• _Record set_
++++
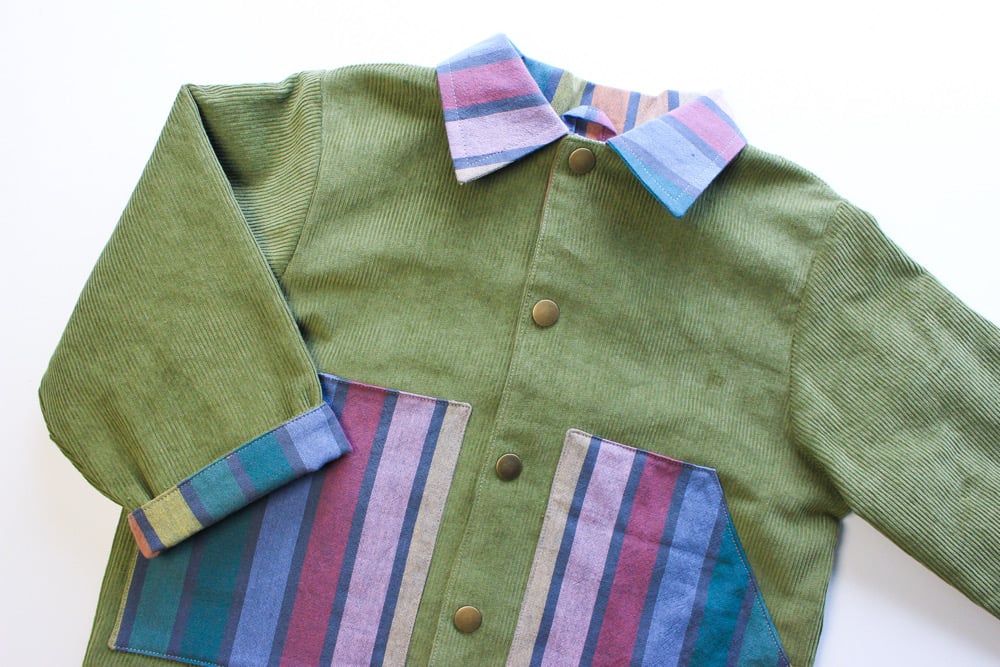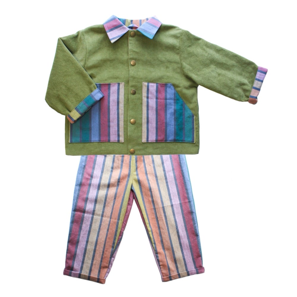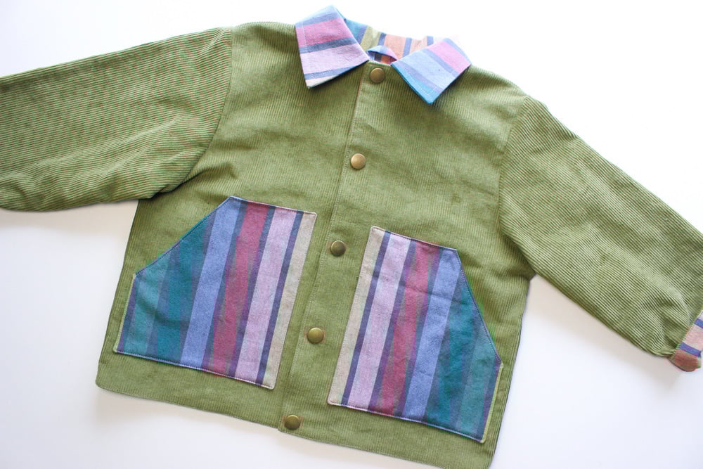 EZ Jacket- green cord & muted rainbow
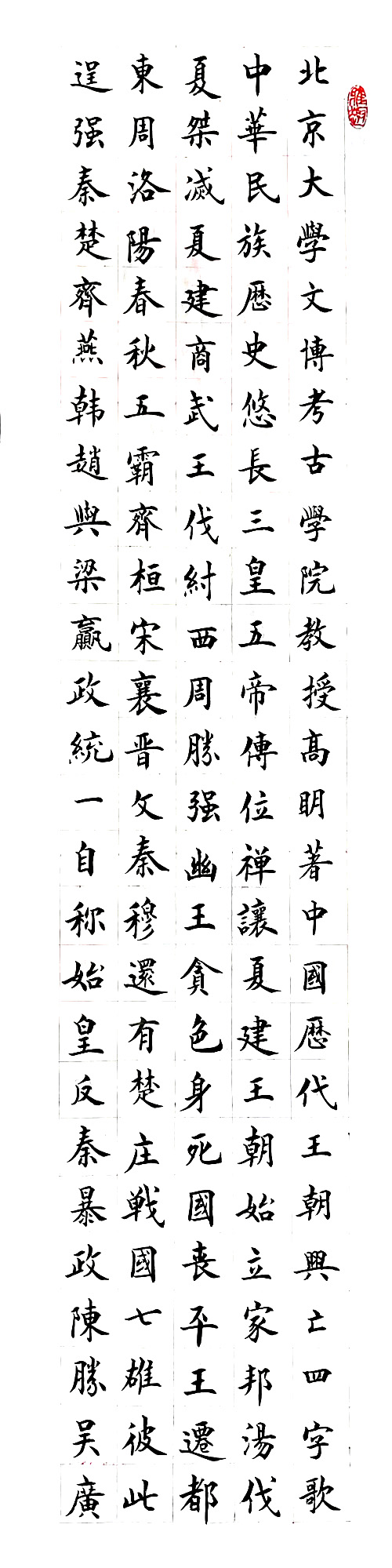 ??? 他從唐楷切入,在點、劃基礎(chǔ)上下足了功夫,博覽眾長,尤對歐楷感悟至深,為自己的創(chuàng)作奠定了扎實的基本功。觀其作品,有感于他用筆精到、干凈利索、如錐畫沙、抽刀斷水,多骨豐筋、如印印泥、力透紙背,其結(jié)字俊險如歐、汲古不泥。
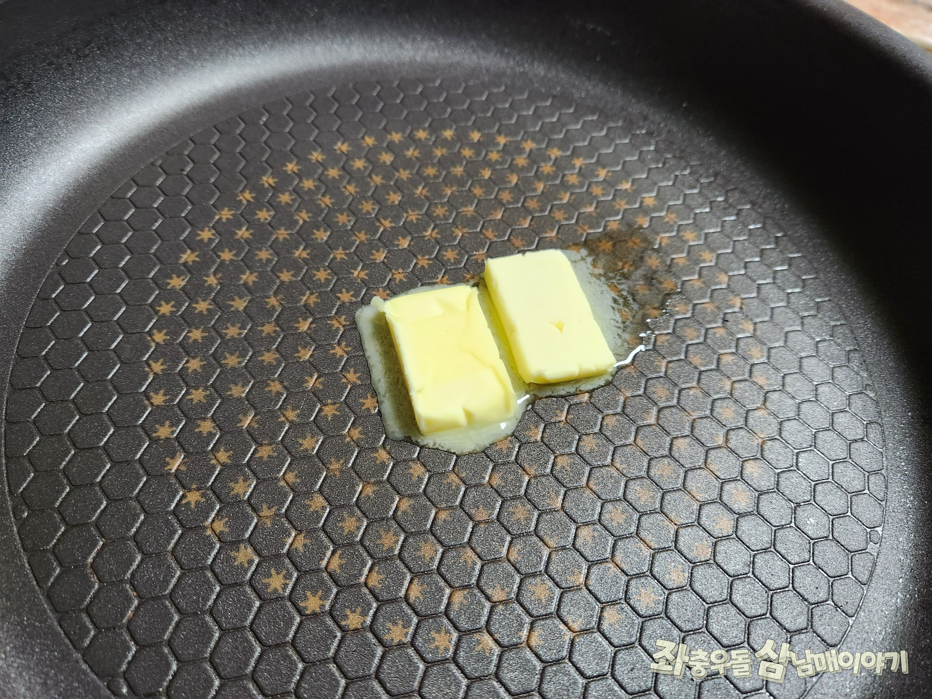 1. 버터2조각을 팬에 가열
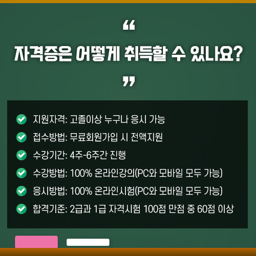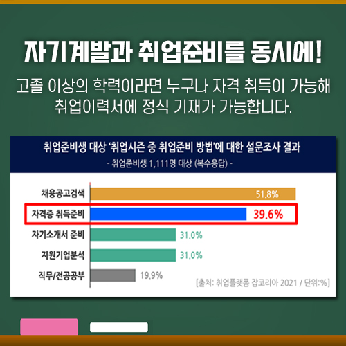 고졸 이상의 학력이면 누구나 자격증 취득이 가능하고 취업 이력서나 자기소개서에 정식 기재가 가능하며
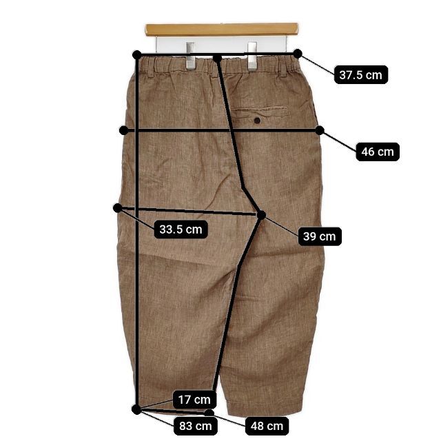 実寸サイズ | 総丈:約83cm ウエスト:約37.5cm ウエスト最長:約45cm 股上:約39cm 股下:約48cm ヒップ:約46cm ワタリ幅:約33.5cm 裾幅:約17cm ※採寸画像がある商品はハンガーに吊るした状態での計測のため、平置きでの採寸とは差が生じる場合がございます。平置きでの実寸サイズをご希望の場合は、ご購入前に必ずご質問ください。 ※記載以外のサイズが合わないことを理由とした返品はできませんので、 記載部分以外で実寸サイズの気になる箇所があれば必ず購入前にご質問ください。 |
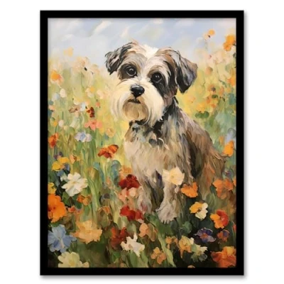 Artery8 Shih Tzu In Wildflower Field Claude Monet Style Dog Oil Painting Artwork Framed Wall Art Print A4
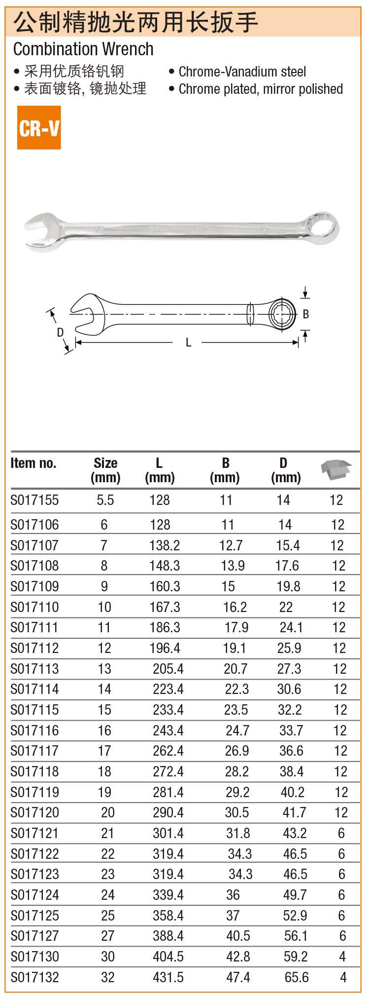 钢盾-公制精抛光两用加长扳手-1个
++++
• _What you will do_
Pictures stay out; the data above is to be returned exactly.

• _Answer to the exercise_
 EZ Jacket- green cord & muted rainbow
 ??? 他從唐楷切入,在點、劃基礎(chǔ)上下足了功夫,博覽眾長,尤對歐楷感悟至深,為自己的創(chuàng)作奠定了扎實的基本功。觀其作品,有感于他用筆精到、干凈利索、如錐畫沙、抽刀斷水,多骨豐筋、如印印泥、力透紙背,其結(jié)字俊險如歐、汲古不泥。
 1. 버터2조각을 팬에 가열
 고졸 이상의 학력이면 누구나 자격증 취득이 가능하고 취업 이력서나 자기소개서에 정식 기재가 가능하며
 実寸サイズ | 総丈:約83cm ウエスト:約37.5cm ウエスト最長:約45cm 股上:約39cm 股下:約48cm ヒップ:約46cm ワタリ幅:約33.5cm 裾幅:約17cm ※採寸画像がある商品はハンガーに吊るした状態での計測のため、平置きでの採寸とは差が生じる場合がございます。平置きでの実寸サイズをご希望の場合は、ご購入前に必ずご質問ください。 ※記載以外のサイズが合わないことを理由とした返品はできませんので、 記載部分以外で実寸サイズの気になる箇所があれば必ず購入前にご質問ください。 |
 Artery8 Shih Tzu In Wildflower Field Claude Monet Style Dog Oil Painting Artwork Framed Wall Art Print A4
 钢盾-公制精抛光两用加长扳手-1个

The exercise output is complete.